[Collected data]
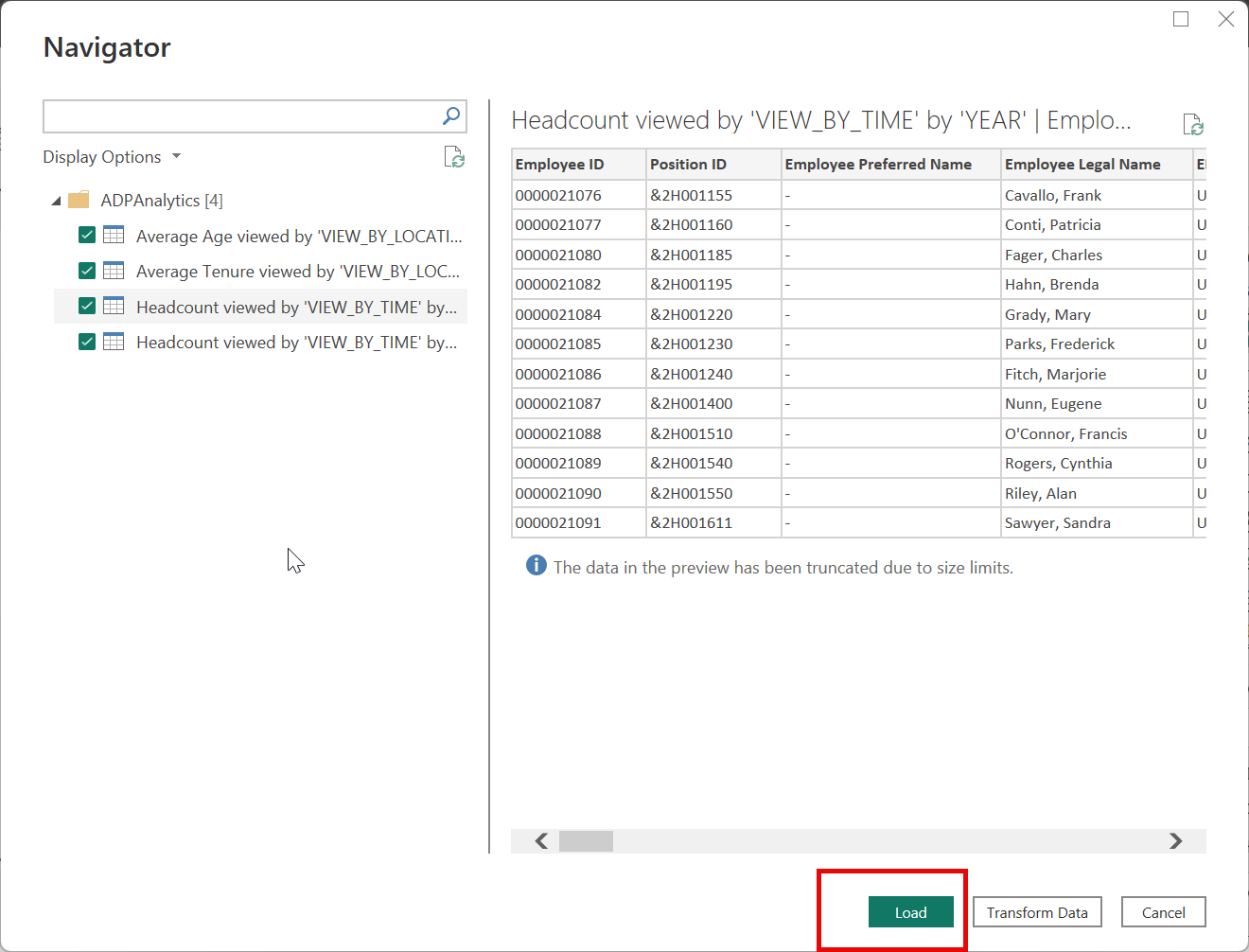 - ADP Analytics verfügt über eine integrierte Grenze von 25 Metriken, die in Power BI in einer einzigen Verbindung importiert werden können.
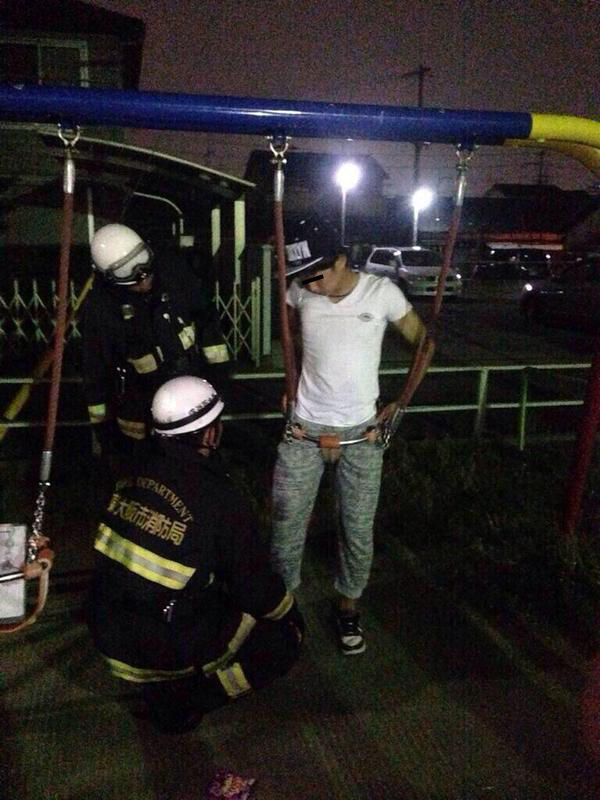 【画像】 大阪のDQN、幼児用ブランコに座って抜けられなくなり消防隊が救出 苦悶の表情浮かべる
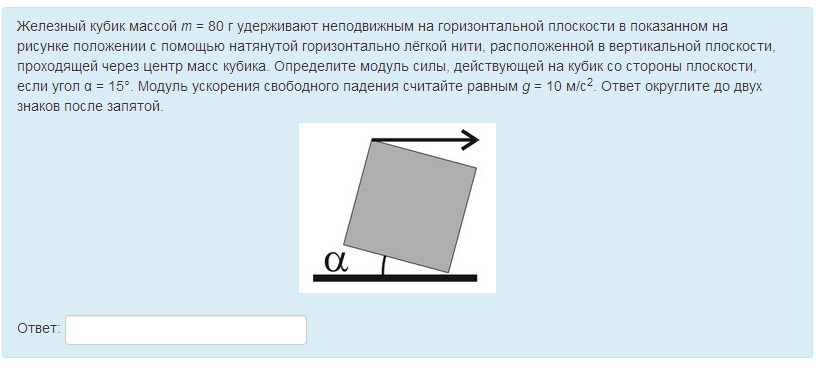 Железный кубик массой m = 80 г удерживают неподвижным на горизонтальной плоскости в показанном на рисунке положении с помощью натянутой горизонтально лёгкой нити, расположенной в вертикальной плоскости, проходящей через центр масс кубика. Определите модуль силы, действующей на кубик со стороны плоскости, если угол α = 15°. Модуль ускорения свободного падения считайте равным g = 10 м/с2. Ответ округлите до двух знаков после запятой.
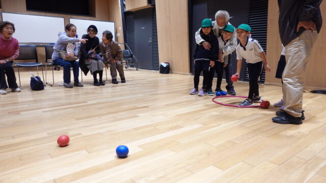 市の生涯学習課から老人会の皆様と一緒にボッチャでの交流会に招待され年長さんが参加してました。
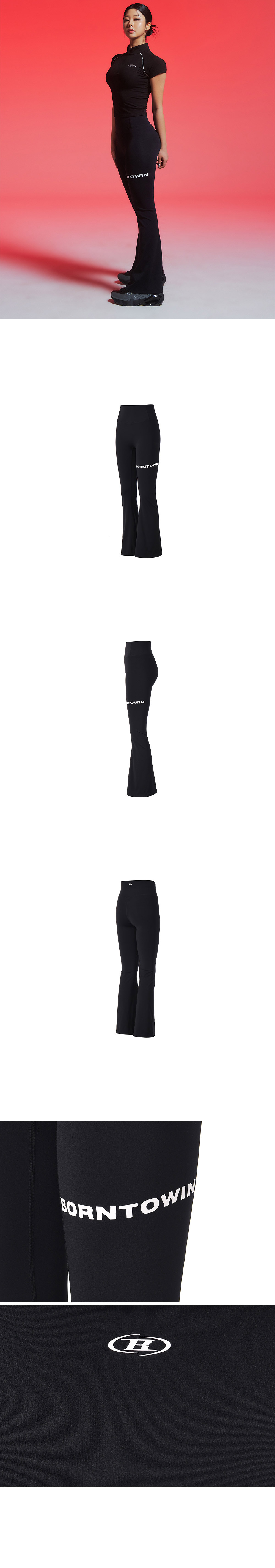 [DETAILS] * 본투윈 라인 부츠컷 레깅스 - 고신축 나일론 하이게이지 원단 - 체형을 보정하는 하트 힙라인 - 전면 레터링 프린팅 - 뒷중심 B 로고 프린팅 - 실루엣 좋은 부츠컷 핏 Material : Nylon 80% Polyurethane 20% Fitting : 1 Size, 165cm, 53kg
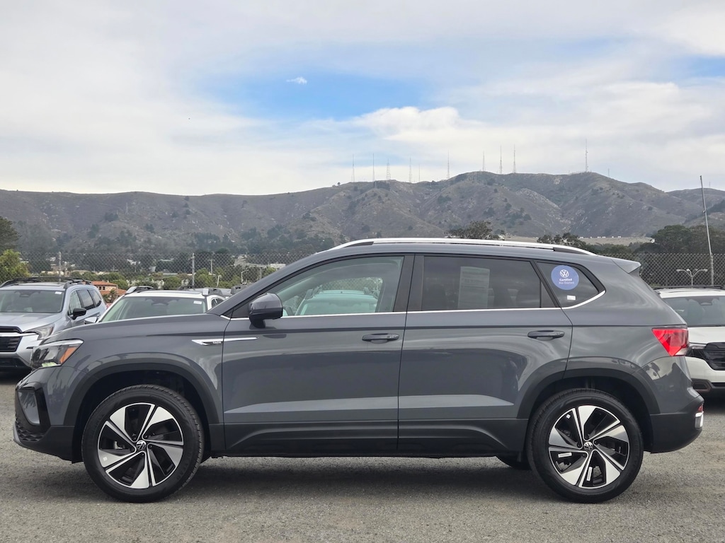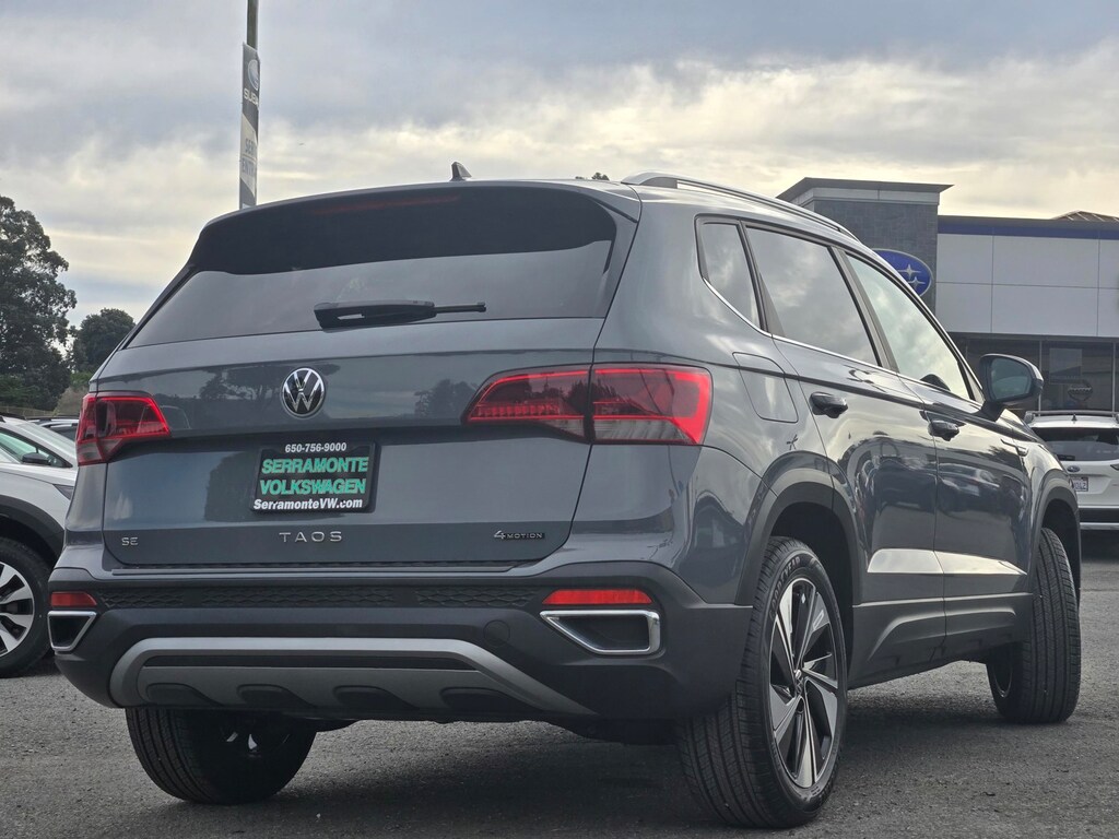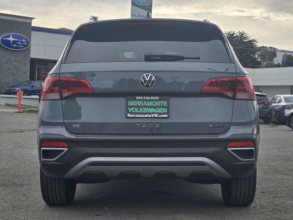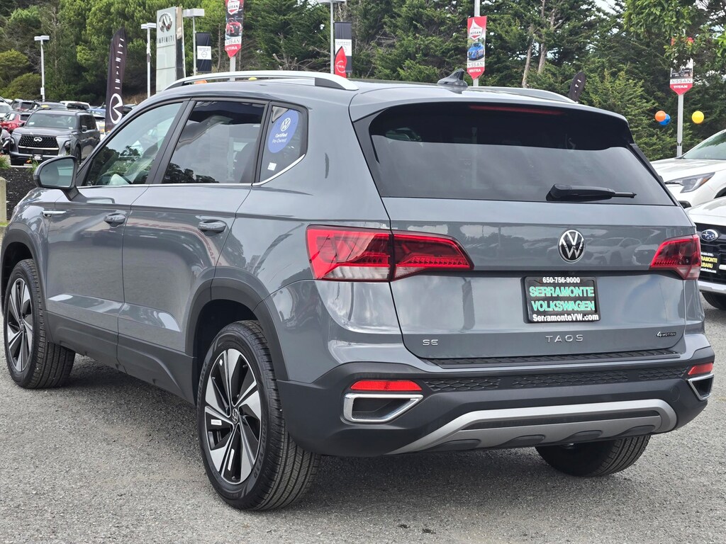 Clean CARFAX. Gray 2024 Volkswagen Taos 1.5T SE AWD 7-Speed DSG Automatic with Tiptronic 1.5L I4 Turbocharged DOHC 16V LEV3-SULEV30 158hp 112 POINT INSPECTION, 4-Wheel Disc Brakes, 6 Speakers, ABS brakes, Active Blind Spot Monitor, Air Conditioning, Alloy wheels, AM/FM radio: SiriusXM with 360L, Auto High-beam Headlights, Automatic temperature control, Brake assist, CloudTex & Cloth Seating Surfaces, Compass, Delay-off headlights, Dual front impact airbags, Dual front side impact airbags, Electronic Stability Control, Emergency communication system: VW Car-Net Safe & Secure 5-year, Exterior Parking Camera Rear, Four wheel independent suspension, Front anti-roll bar, Front Bucket Seats, Front Center Armrest, Front dual zone A/C, Fully automatic headlights, Heated door mirrors, Heated Front Bucket Seats, Heated front seats, Heated steering wheel, Leather Shift Knob, Low tire pressure warning, Occupant sensing airbag, Outside temperature display, Overhead airbag, Panic alarm, Power door mirrors, Power driver seat, Power steering, Power windows, Radio data system, Radio: MIB3 Composition Media AM/FM/HD, Rain sensing wipers, Rear anti-roll bar, Rear window defroster, Rear window wiper, Remote keyless entry, Security system, Speed control, Speed-sensing steering, Split folding rear seat, Steering wheel mounted audio controls, Tachometer, Telescoping steering wheel, Tilt steering wheel, Traction control, Trip computer, Variably intermittent wipers, Wheels: 18" 2-Tone Machined Alloy.
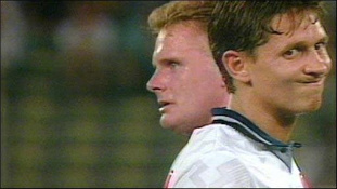 Yes, Gazza. It’s very difficult to imagine a time when the clown prince of football from up there in Geordieland wasn’t a part of the English (and wider British) consciousness, but before this tournament, he was just a useful midfielder who had come down south and played for Tottenham Hotspur. He wasn’t particularly well known at all. Like Platt, he’d made only a handful of appearances in a national shirt before this tournament, but he exploded like a bright, brilliant lightbulb of ebullience as England progressed through it. And yet, that mostly wasn’t because of his footballing prowess. It seemed more so (especially for me) because of his irresistible personality; a tubby, bubbly barrel of fun that was far more the joker in the class – his practical jokes were in evidence seemingly whenever TV sport reporters interviewed anyone in the ‘England camp’ and surely did much for the team’s morale and relaxed spirit – than a football king-in-making. He seemed a bit like the team mascot whom they let play because he was lucky for them – indeed, many misconstrued why he stuck his tongue out at the camera during the national anthem at the start of each match, assuming it was a cheeky greeting to the audience back home; it was actually a good-luck charm he’d adopted.
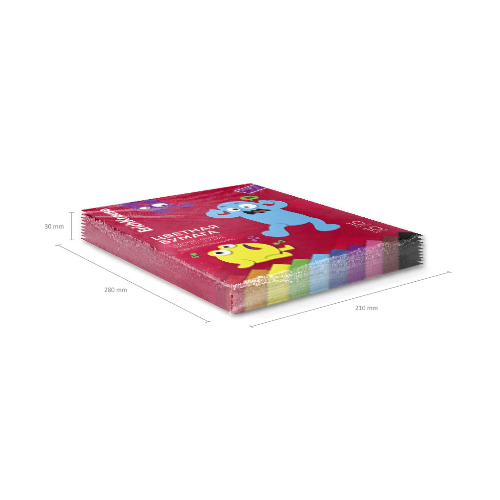 Цветная бумага немелованная односторонняя формата А4 (203х280 мм). В наборе 10 листов 10 базовых цветов (красный, оранжевый, желтый, зеленый, голубой, синий, фиолетовый, розовый, коричневый, черный). Плотность наполнения 80 г/м2. Тип скрепления клей. На внутренней стороне обложки приводятся инструкции по изготовлению поделок. Упакована в термоусадочную пленку по 10 штук.

### What you need to do
The reply should hold the lines from the top of the records through the line containing "[DETAILS] * 본투윈", reproduced exactly, and no pictures.

### Exercise response
 - ADP Analytics verfügt über eine integrierte Grenze von 25 Metriken, die in Power BI in einer einzigen Verbindung importiert werden können.
 【画像】 大阪のDQN、幼児用ブランコに座って抜けられなくなり消防隊が救出 苦悶の表情浮かべる
 Железный кубик массой m = 80 г удерживают неподвижным на горизонтальной плоскости в показанном на рисунке положении с помощью натянутой горизонтально лёгкой нити, расположенной в вертикальной плоскости, проходящей через центр масс кубика. Определите модуль силы, действующей на кубик со стороны плоскости, если угол α = 15°. Модуль ускорения свободного падения считайте равным g = 10 м/с2. Ответ округлите до двух знаков после запятой.
 市の生涯学習課から老人会の皆様と一緒にボッチャでの交流会に招待され年長さんが参加してました。
 [DETAILS] * 본투윈 라인 부츠컷 레깅스 - 고신축 나일론 하이게이지 원단 - 체형을 보정하는 하트 힙라인 - 전면 레터링 프린팅 - 뒷중심 B 로고 프린팅 - 실루엣 좋은 부츠컷 핏 Material : Nylon 80% Polyurethane 20% Fitting : 1 Size, 165cm, 53kg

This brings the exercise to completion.